_PROMPT_
Only the lines from the one containing "Activates your arms, core" through the final line below belong in the output, copied exactly and without pictures.

_RAW DATA_
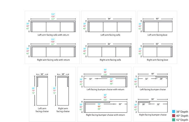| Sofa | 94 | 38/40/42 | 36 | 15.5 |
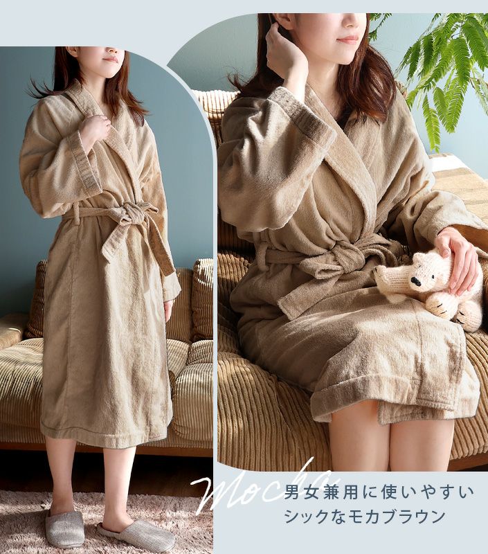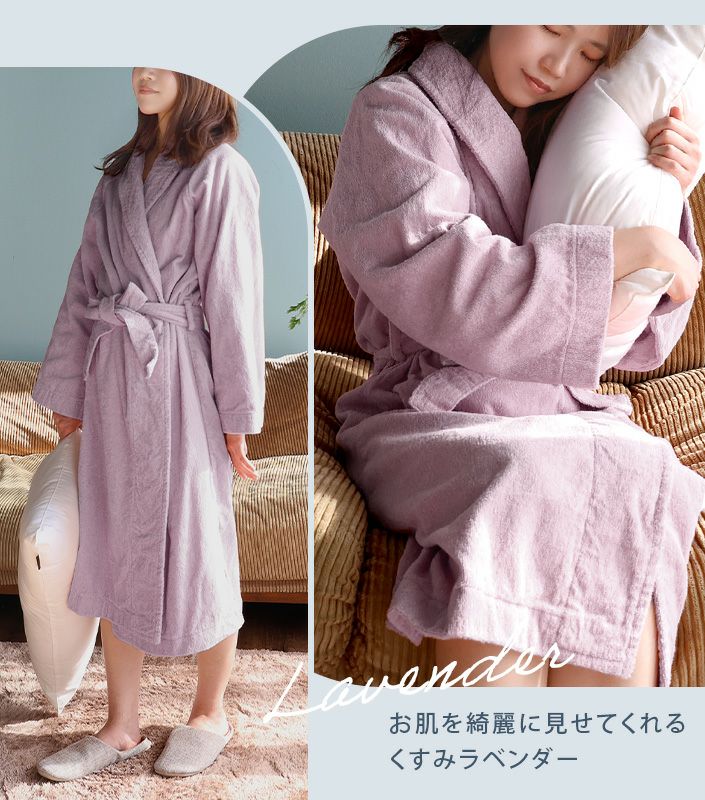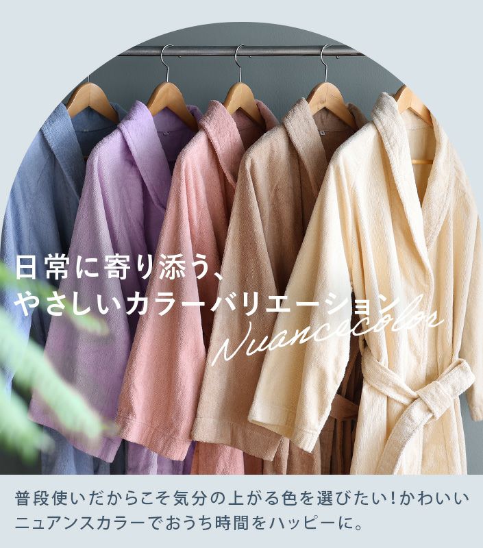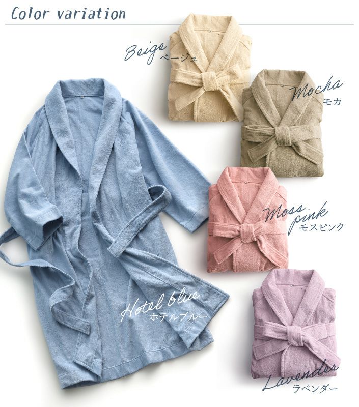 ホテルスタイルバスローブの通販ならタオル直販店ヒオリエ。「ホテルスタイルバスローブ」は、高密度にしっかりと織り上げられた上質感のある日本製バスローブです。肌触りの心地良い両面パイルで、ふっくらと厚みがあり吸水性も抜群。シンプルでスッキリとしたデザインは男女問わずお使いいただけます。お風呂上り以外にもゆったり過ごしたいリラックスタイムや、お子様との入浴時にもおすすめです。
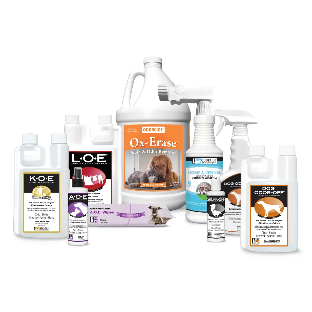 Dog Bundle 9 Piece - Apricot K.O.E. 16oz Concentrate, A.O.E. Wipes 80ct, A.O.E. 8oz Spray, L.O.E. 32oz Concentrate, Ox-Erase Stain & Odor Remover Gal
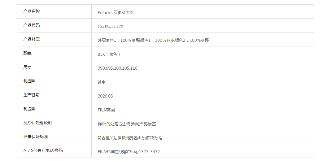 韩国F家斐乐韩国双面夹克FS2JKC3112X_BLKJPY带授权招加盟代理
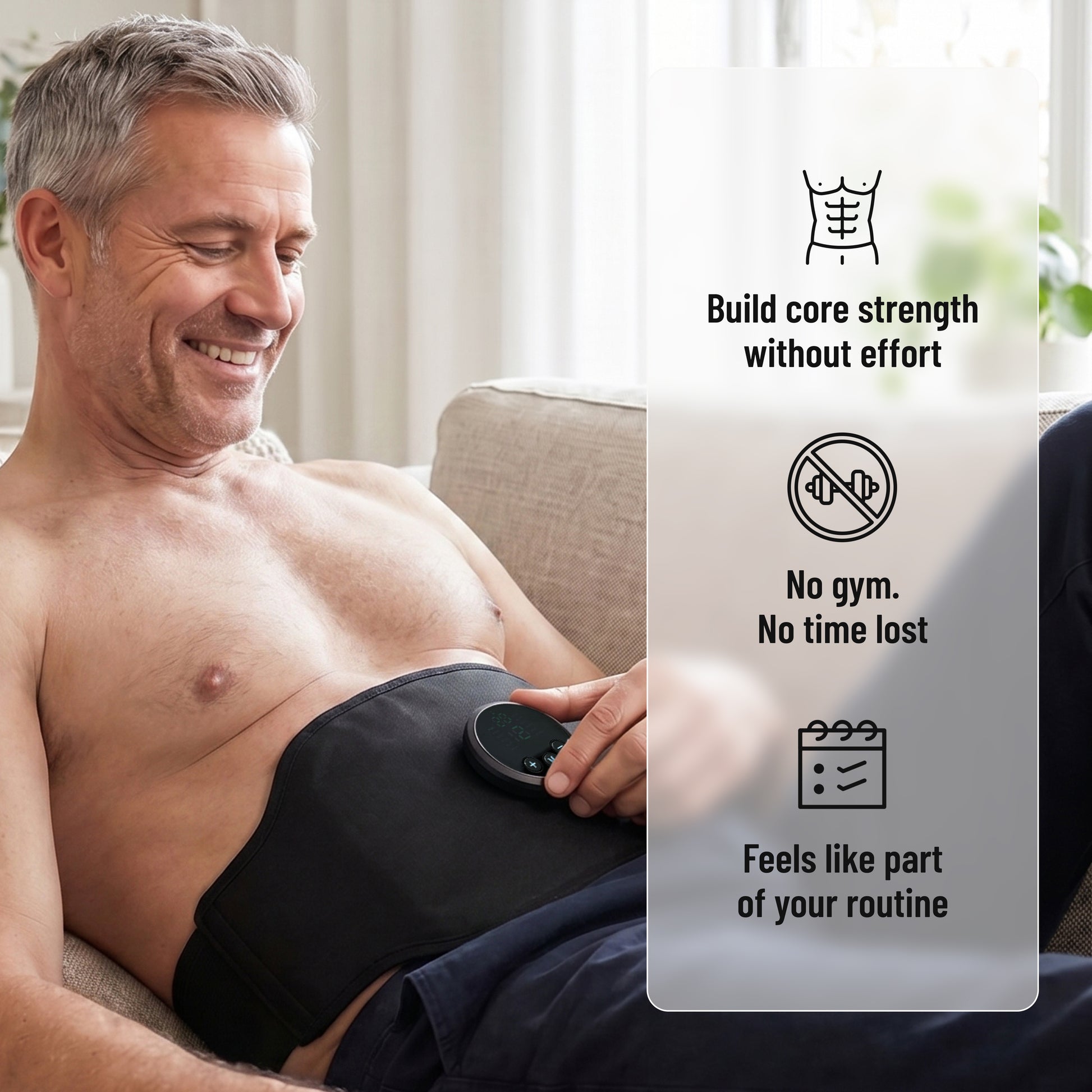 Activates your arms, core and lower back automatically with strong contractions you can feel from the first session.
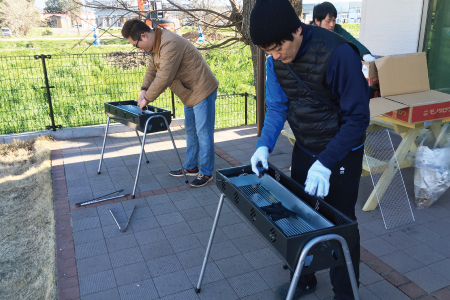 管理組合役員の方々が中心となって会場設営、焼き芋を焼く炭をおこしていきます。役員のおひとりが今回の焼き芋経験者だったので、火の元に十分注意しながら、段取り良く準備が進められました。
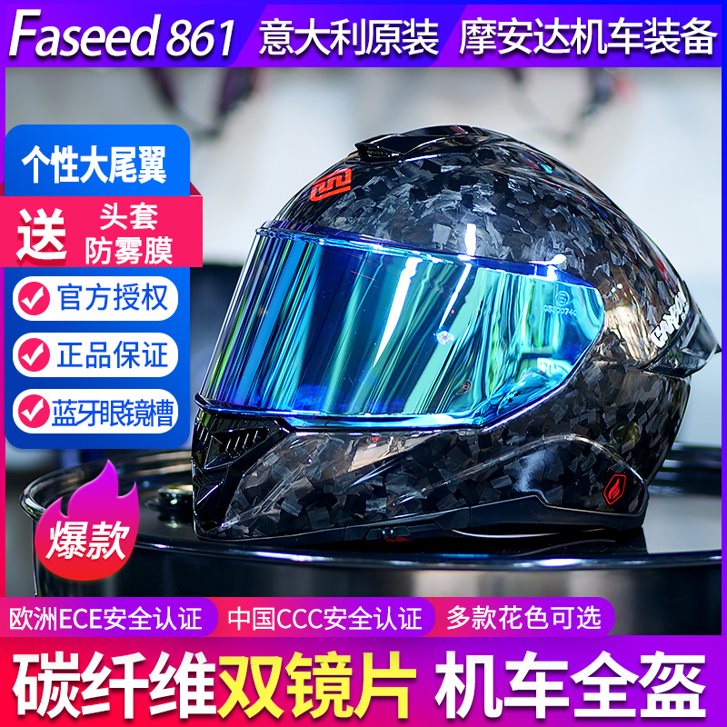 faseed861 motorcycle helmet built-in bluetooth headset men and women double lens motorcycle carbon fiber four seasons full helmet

_YOUR SOLUTION_
 Activates your arms, core and lower back automatically with strong contractions you can feel from the first session.
 管理組合役員の方々が中心となって会場設営、焼き芋を焼く炭をおこしていきます。役員のおひとりが今回の焼き芋経験者だったので、火の元に十分注意しながら、段取り良く準備が進められました。
 faseed861 motorcycle helmet built-in bluetooth headset men and women double lens motorcycle carbon fiber four seasons full helmet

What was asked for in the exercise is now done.